When you note that you limit yourself to shorter races, you underline my point. You have wisely decided that the marathon is a challenge that requires intense preparation and may at this point be too much for you.What irritates me the most about this most is the patronizing and wrong assumption that I have "wisely decided" a marathon is too much for me at this point, presumably related to my fatness.
Many years ago, I trained my butt off to run a marathon: 12 weeks at 60 miles per week average, with some 7-day stretches over 100 miles. That is how I viewed the challenge of the event - something to be respected and taken very seriously.
The result? A 3:33 marathon for someone who had been 40 pounds overweight - 12 years earlier. I got myself in shape well before I tackled 26.2 miles. The training was a diet by itself.
For a variety of reasons, I never was able to put in that training time again. That is why my marathon career ended at 1.
Thanks for writing / PH
As if:
a) He knew why i wasn't running a marathon. He doesn't - my reasons include being busy with school/work, diabetes struggles right now (which aren't caused by my fatness, thankyouverymuch), and not really wanting to.

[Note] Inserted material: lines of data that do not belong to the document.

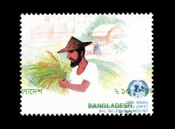425 nh 371 var. image#371 var., 1990 10t U.N. Conference, Blue Inscriptions Inverted, with green country name and value also shifted, o.g., n.h., very fine; it is now believed that the blue was correctly printed and the other colors printed inverted; listed but unpriced in Stanley Gibbons (S.G. #359a). (Image) Est. 200-300
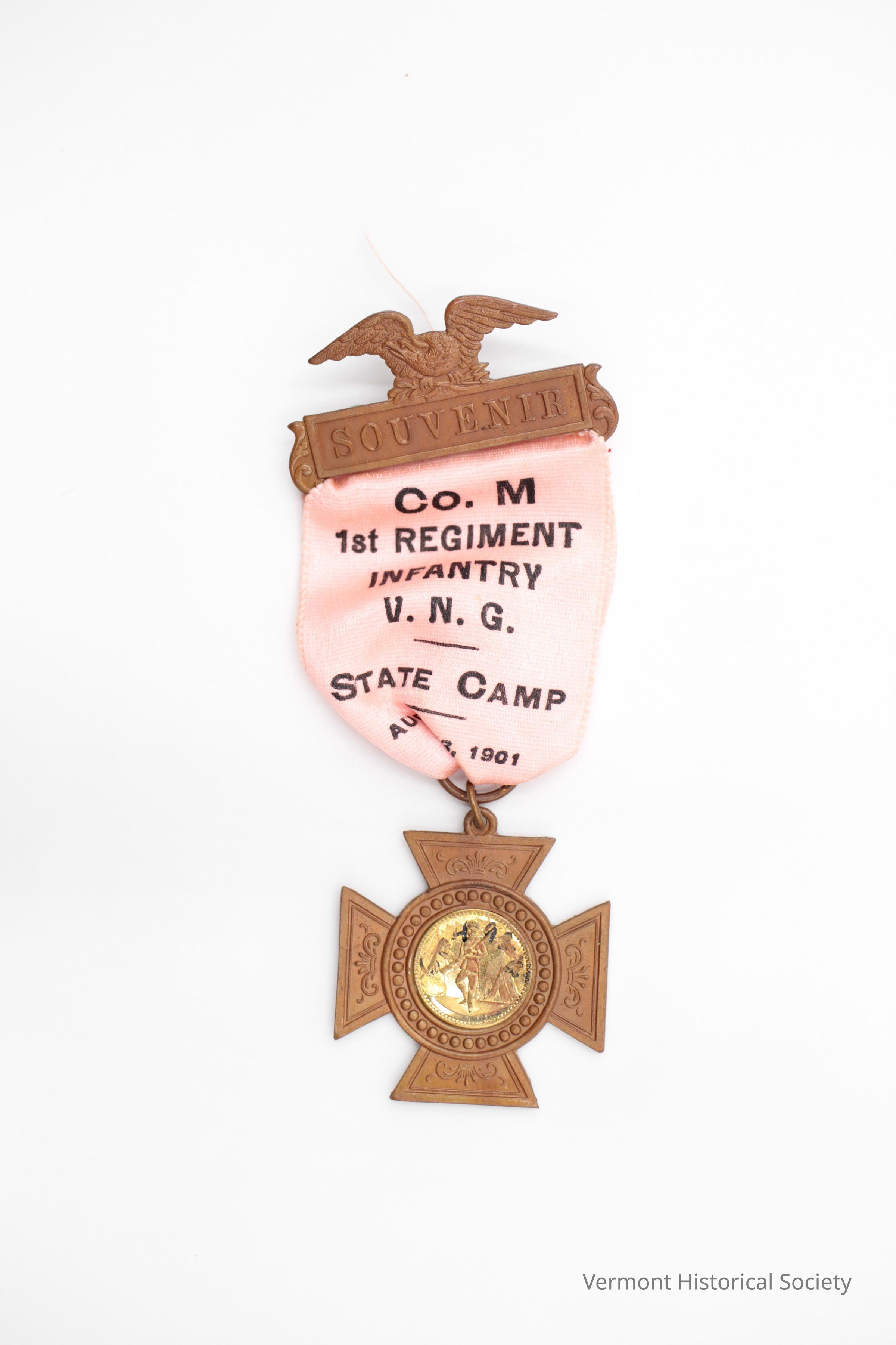 Commemorative ribbon consisting of a bar, ribbon, and medallion. The bar is topped with a flying eagle and says, "SOUVENIR". The pink satin-woven ribbon is printed with the inscription, "Co. M 1st REGIMENT INFANTRY V. N. G. / STATE CAMP / AUG 5-6, 1901". The medallion is in the shape of a cross pattee with a gold disk at the center, molded and enameled to show a man in a military camp. The back of the disk is engraved with the full text of the Lord's Prayer.Context
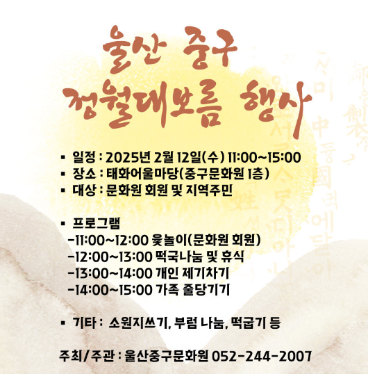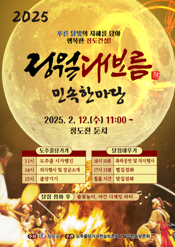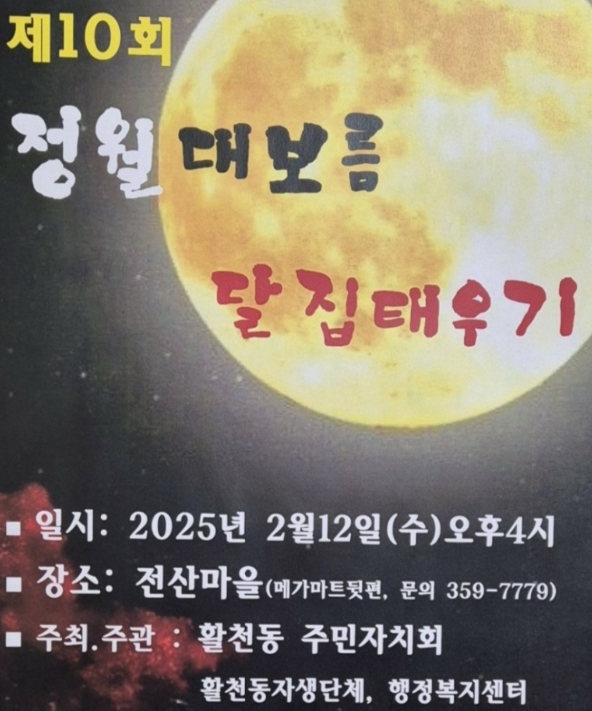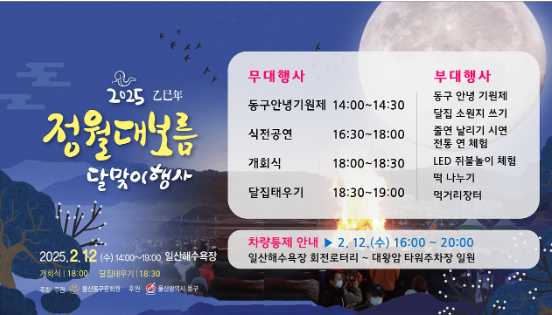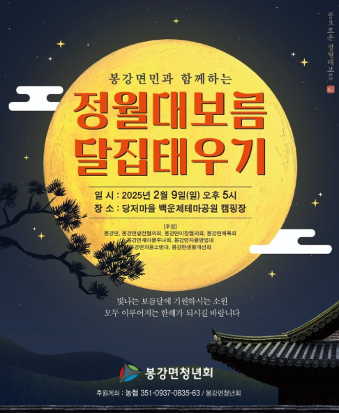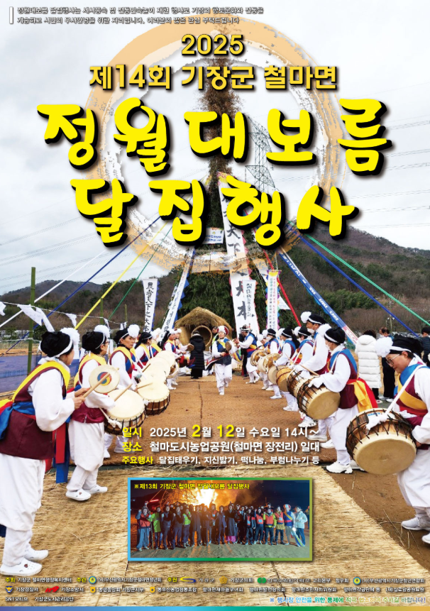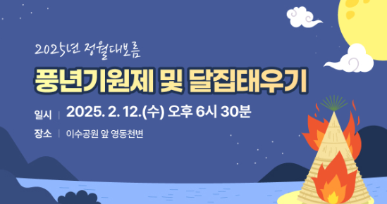 2025년 2월 9일(일)부터 3월 1일(토)까지 관내 마을별로 정월대보름 행사를 개최합니다.
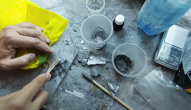 После стабилизации (грунтовки) заливается основной слой. Компаунд замешивается согласно инструкции в заданной производителем пропорции. Все компоненты необходимо отмерять на весах....
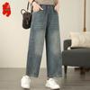 plus size Vintage high waist casual loose Women Spring summer autumn jeans denim wide leg Pants
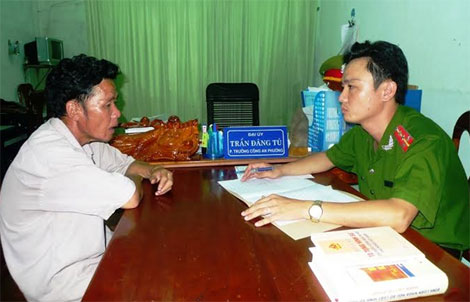 Đại úy Trần Đăng Tú đấu tranh, lấy lời khai tên trộm chuyên nghiệp Cao Hữu Tá.
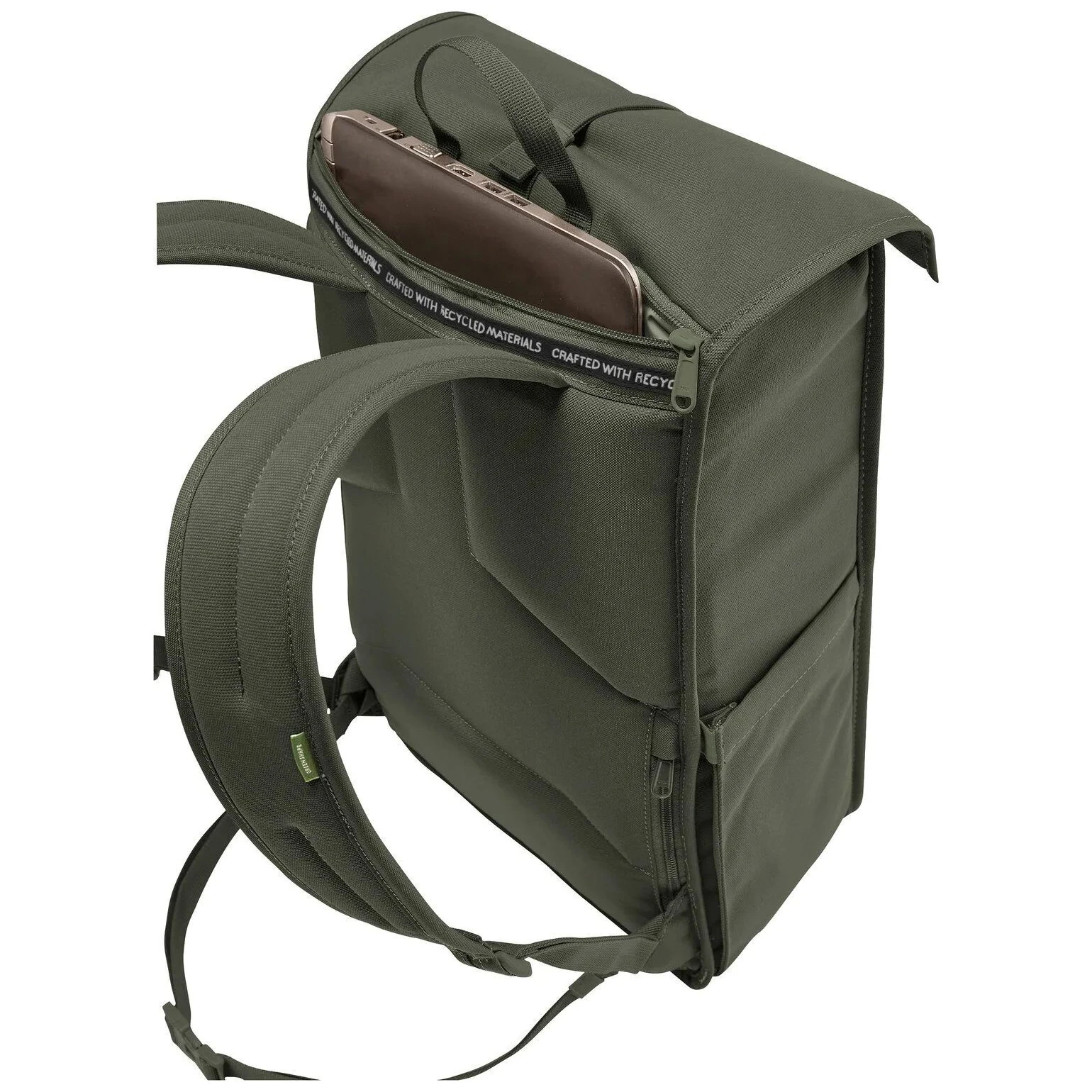 Материята е издръжлива, водоотблъскваща и направена от рециклирани PET бутилки с покритие Eco Finish без PFC. Това означава не само дълъг живот, но и по-нисък екологичен отпечатък. Сертификатите VAUDE Green Shape и bluesign® потвърждават щадящото производство към хората и природата.
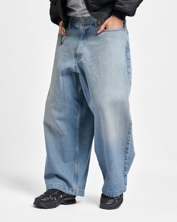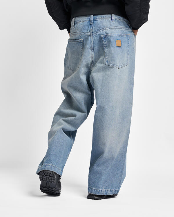 Eine 5-Pocket-Jeans, die eine moderne Neuinterpretation eines traditionellen Klassikers ist. Mit ihrem unverwechselbaren, weiten, geraden Schnitt, der eine Erweiterung der geraden Bein-Silhouette ist, hat diese Jeans ein modernes Finish.
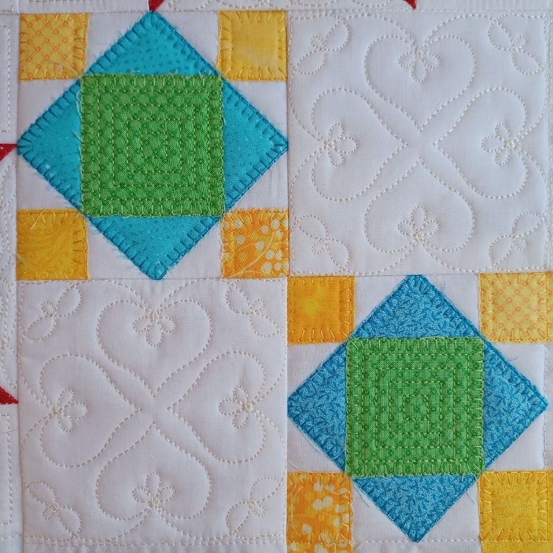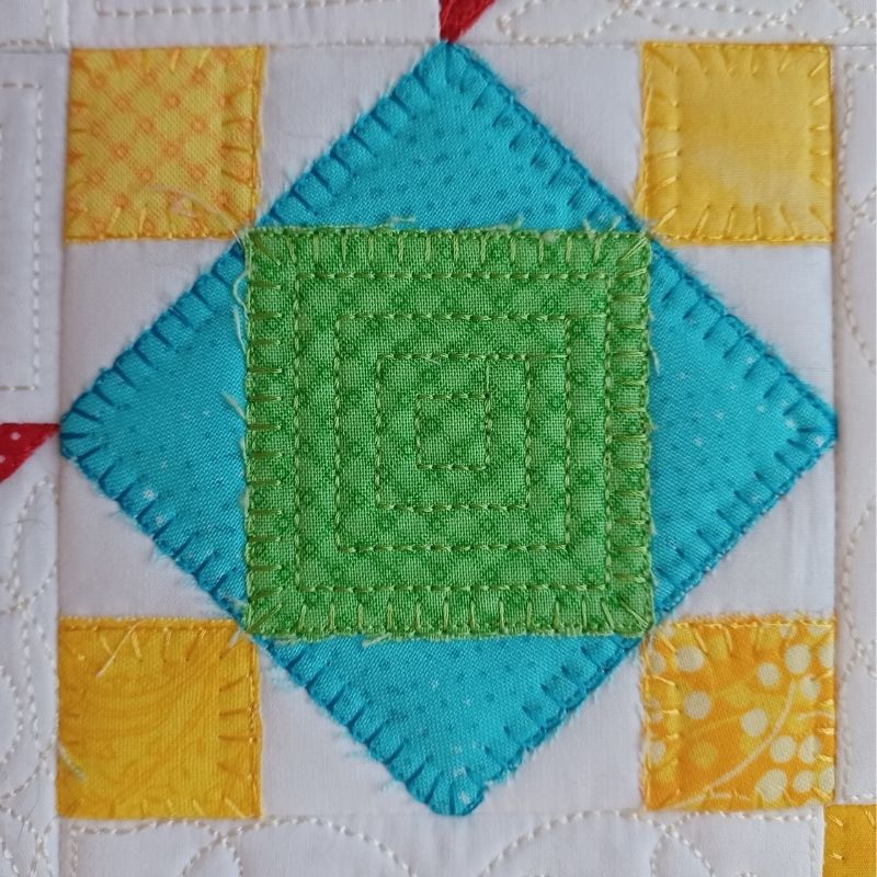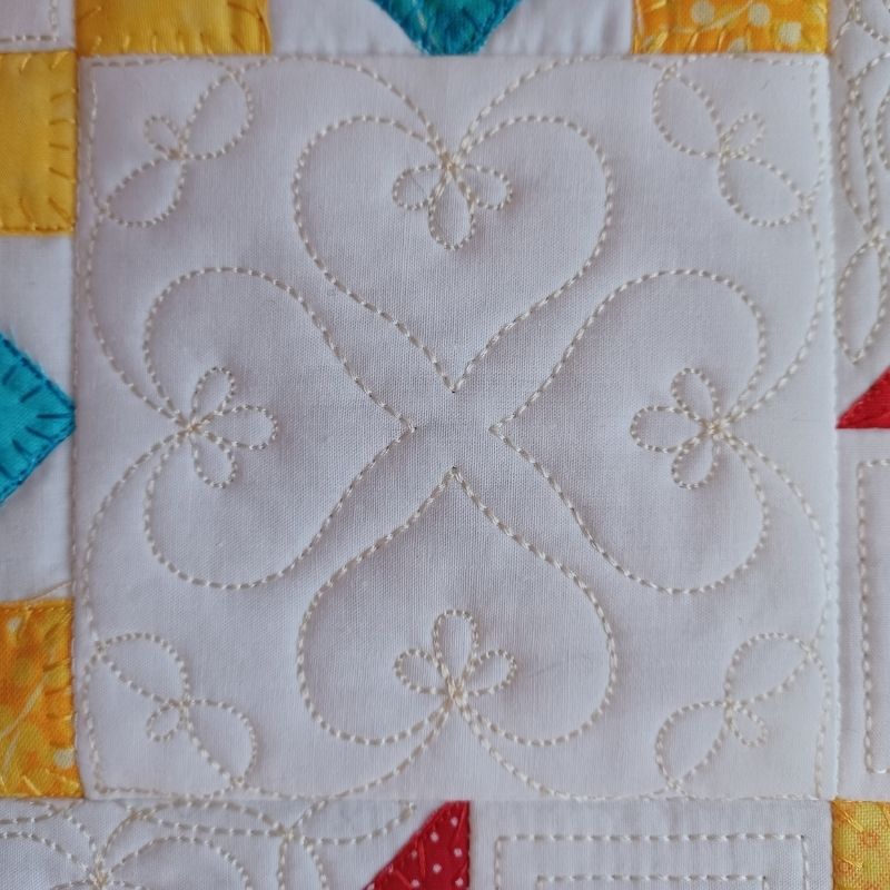 The panels are then joined together using a sewing machine. The backing and binding is also added using a sewing machine.
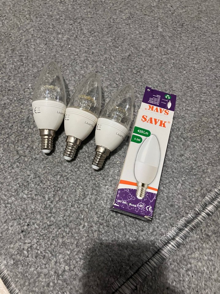 220 lm ışık veren beyaz mum ampul seti. Her ampul küçük vidalı tabana uyumludur ve SAVK, HAVS etiketlidir.
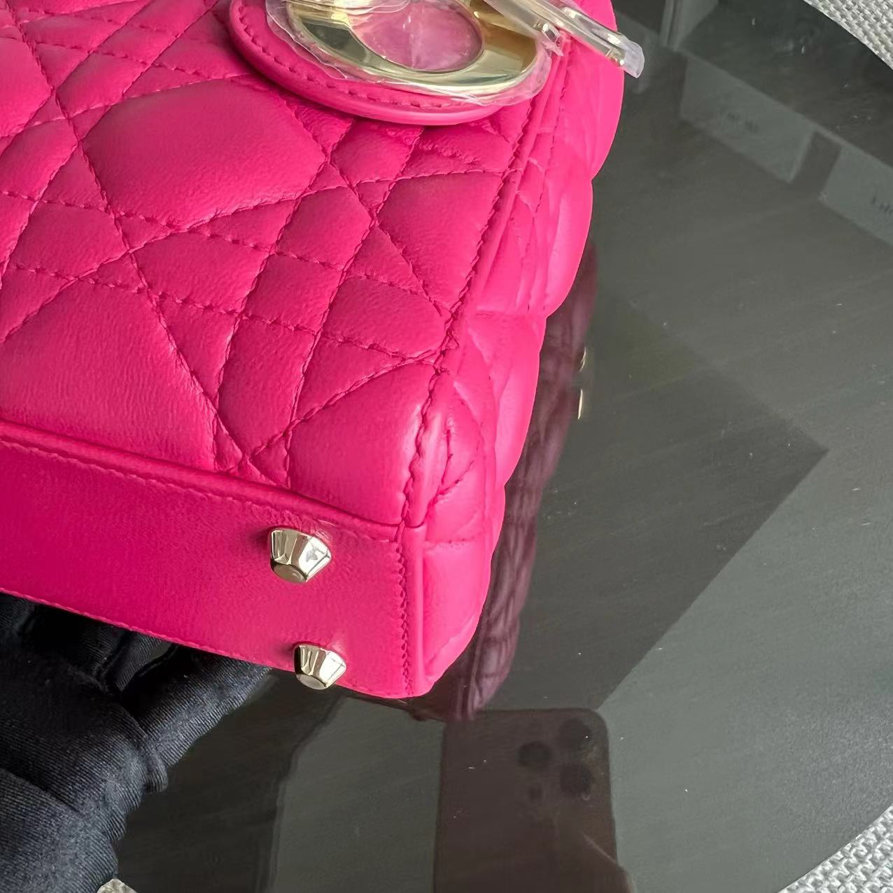 *Adjustable Strap* Lady Mini Cannage Lambskin Hot Pink Golden Hardware
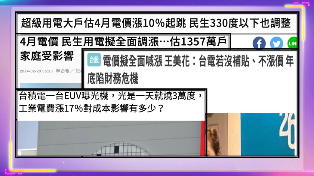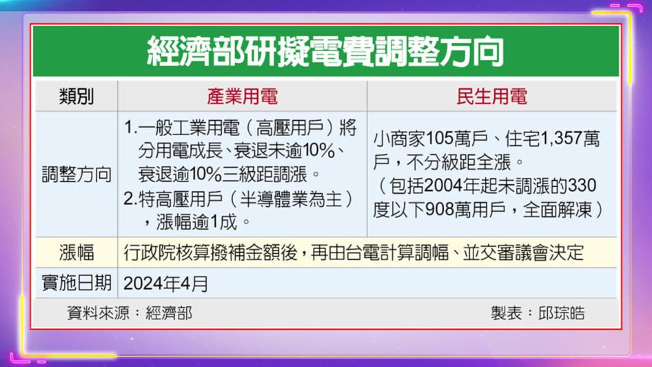四月起電價全面上漲!依據經濟部正在研擬的電價調整方案,為避免虧損擴大,擬不分級距全部調漲。其中,凍漲20年的330度以下民生用電約908萬戶,擬取消凍漲;台電統計,2023年一般家庭平均每月用電約338度。初步推估,若用電330度以下電價調升5%,每月僅增加30元電費,對一般家庭影響不大。
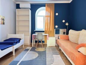 Спальня два, детская, с односпальной кроватью Икеа, которая регулируется по размеру ребенка и двухспальным диваном, итого 3 спальных места, есть письменный стол со стулом, кондиционер, ТВ и различные системы хранения.
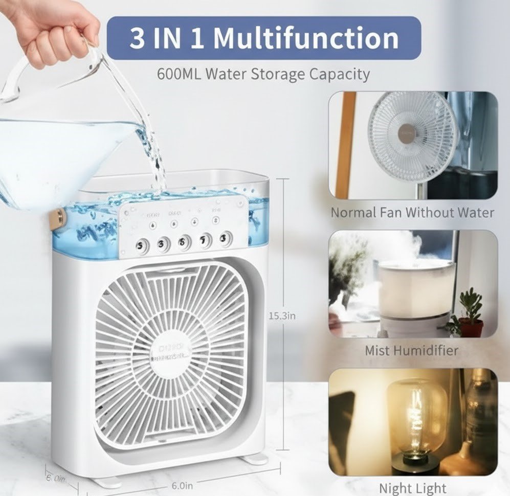 هذا الجهاز المدمج والخفيف الوزن هو الحل الأمثل لمواجهة الحرارة والجو الجاف، حيث يجمع بين وظائف المروحة، ومكيف الهواء، وجهاز الترطيب، والإضاءة الليلية في وحدة واحدة. سواء كنت في العمل أو المنزل أو أثناء التخييم، فإنه يوفر لك الراحة والانتعاش طوال الوقت بفضل الميزات التالية:
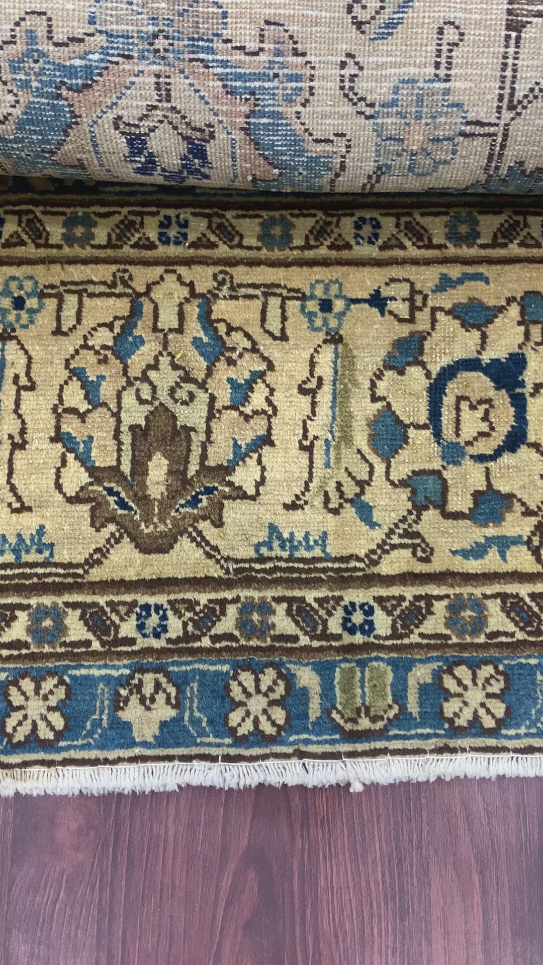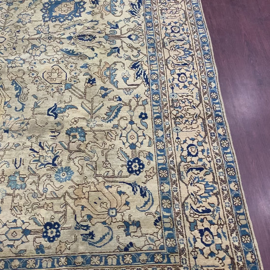 Blue and Camel, Pure Wool Antique Khotan Handknotted 8.0x11.5Ft 244x347Cms Area Rug

My knee pain is about #4 or 5 on that list, and if I lost weight I may or may not still have it.
b) I must be on this path (or at least be trying to be on it) of fat to skinny - I'm not.
c) The destination of the fat to skinny path is a marathon, you can't just do one while you're fat.
Also note his use of "in shape" to not only mean in shape, but also skinny as if they mean the same thing (my whole beef with his original column).